I was over at Julia's Blog trying to post a comment about a drunken escapade, but the comment functionality wasn't working, so I've copied my comment here. Their loss is your gain.
I was about 4 months pregnant with my first when we had to fly to DC for the wedding of one of dummy dope's friends. He was an usher in the wedding. Our rental car was missing and they assigned us a minivan that I had to drive out to Tysons Corners without a map.
Anyway, after the wedding came the reception as was the custom in my day. They had an amazing open bar at the reception (of which I could not partake). The lot of them got drunk and as the designated driver, I was in charge of getting our group back to the hotel.
I got them in to the parking garage which was supposed to close 15 minutes after the end of the reception. One woman who was having her first night out wihtout the baby evening started laughing at midnight and didn't shut up for an hour.
One enebriated woman started laughing at woman #1 and then couldn't stop. It was hilarity solidarity.
One guy wandered off of the elevator in the parking garage and onto a level where the lights were off. THe doors closed before we could get him back in the elevator and by the time we got back down there he had wandered quite a distance away and perilously close to the edge. All the while the giggle twins were laughing.
My husband wanted to find the minivan but couldn't figure out where it was and which key worked (fortunately none of them since I had confiscated the keys). I eventually got all of them in the mini-van. None of them were sober enough to figure out how to flip-n-fold the seats to get to the third row, so the skinniest of them (who were not necessarily the most sober) decided to go over the top of the middle row seat. And the giggle twins just kept laughing.

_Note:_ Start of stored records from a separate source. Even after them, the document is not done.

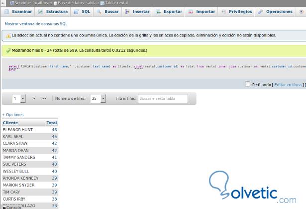 Select CONCAT(customer.first_name,' ',customer.last_name) as Cliente, count(rental.customer_id) as Total from rental inner join customer on rental.customer_id=customer.customer_id group by rental.customer_id ***** by total descAsí podremos hacer muchas pruebas con MySQL para testear rendimiento. En otro tutorial avanzaremos en consultas mas complejas.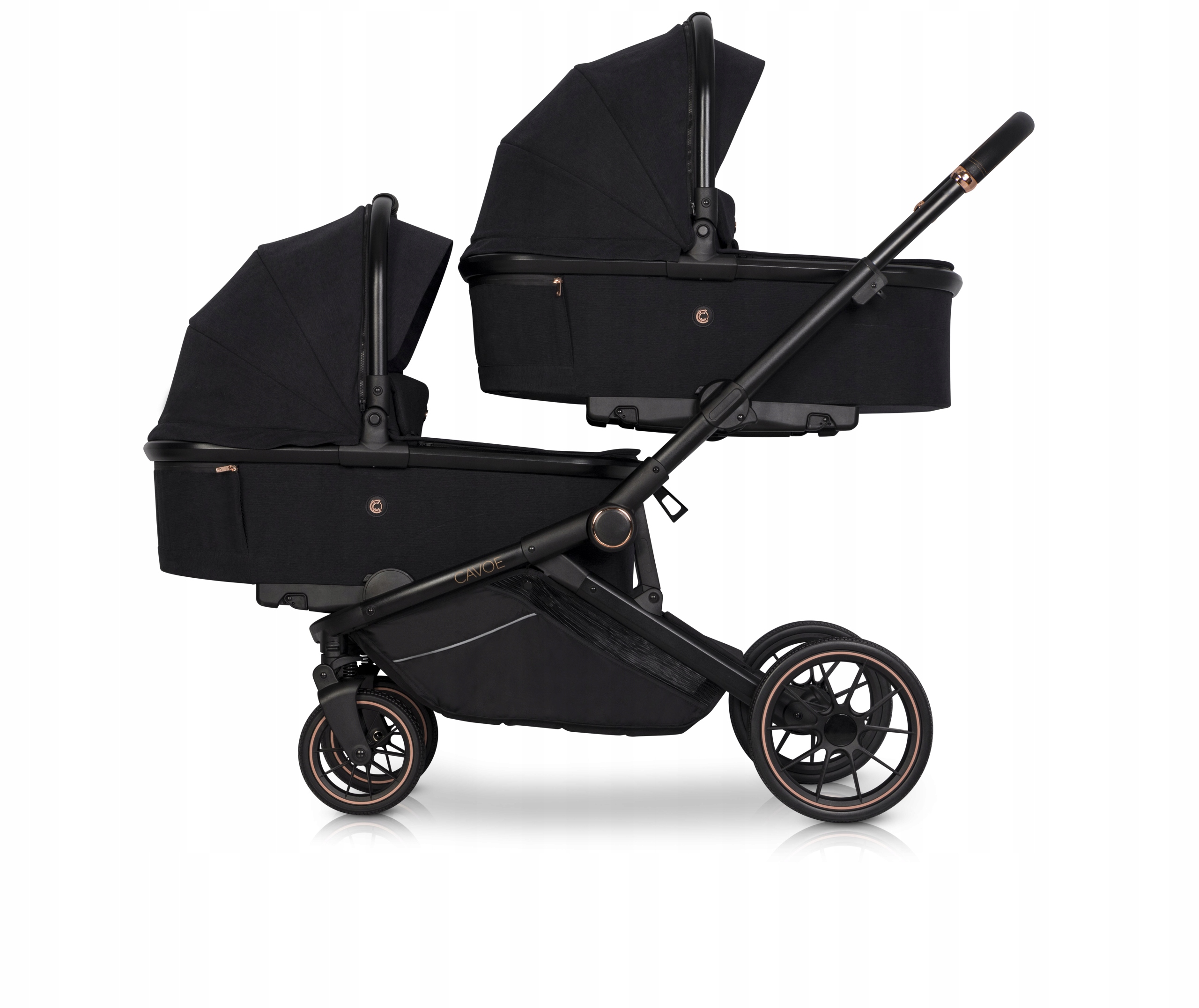 - Wózek dla bliźniąt w wersji z dwoma siedziskami spacerowymi i dwiema gondolami w wersji kolorystycznej METEORITE (kolor czarny)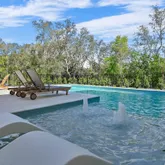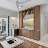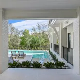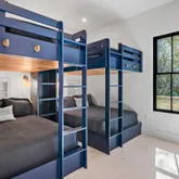 Upon entering the first floor, a captivating entrance leads you into an entertainment room that seamlessly connects to a lush outdoor oasis. This outdoor sanctuary boasts a grilling station with a vent hood, a generous L-shaped heated pool, a pool bathroom, an outdoor shower, expansive shellstone tile decks, and custom landscaping by Chad Hortoncreating the perfect backdrop for entertaining. Additionally, on the first floor are three bedrooms with ensuite bathrooms. Among them is a bunk room with four full-size beds.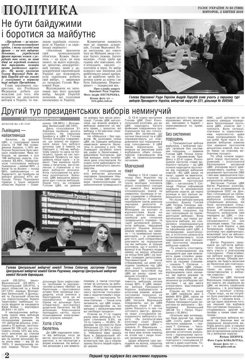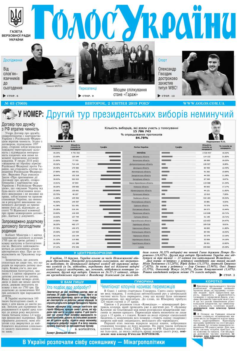 Повний випуск «Голосу України» від 02.04.2019 на сайті http://www.golos.com.ua

At this point I had been awake for 20 hours and was experiencing a wee bit of pregnancy narcolepsy. I have no idea how many people were in the minivan (8, maybe) and I'm driving in DC without a map but it's OK because one of the groomsmen tells me he know the way back to the hotel. Well, he's leaning up against this tiny little minivan window trying to figure out whether he could vomit through a straw and get it out the window. (answer: no)
I got them all back. I left giggle twin #1 in her dress in the bath tub of her hotel room with her husband fixated on finding the ice machine so he could make high ball cocktails.
Giggle twin #2 was left without her dress in her bed with the garbage can at bedside just in case. Her husband was on the bathroom floor.
My husband was trying to help husband #1 find ice but not for high balls. He wanted an Old Fashioned. A brrrrraaaaaandy Old Fashioned.
And the guy with the straw couldn't remember his room number so I had to take him and his wife to the front desk to get a new key for them.
The next morning at the free breakfast buffet, I was happily having my revenge as I kept offering people greasy bacon with orange juice, biscuits and gravy, drippy chunks of watermelon, etc. I haven't laughed that much in years.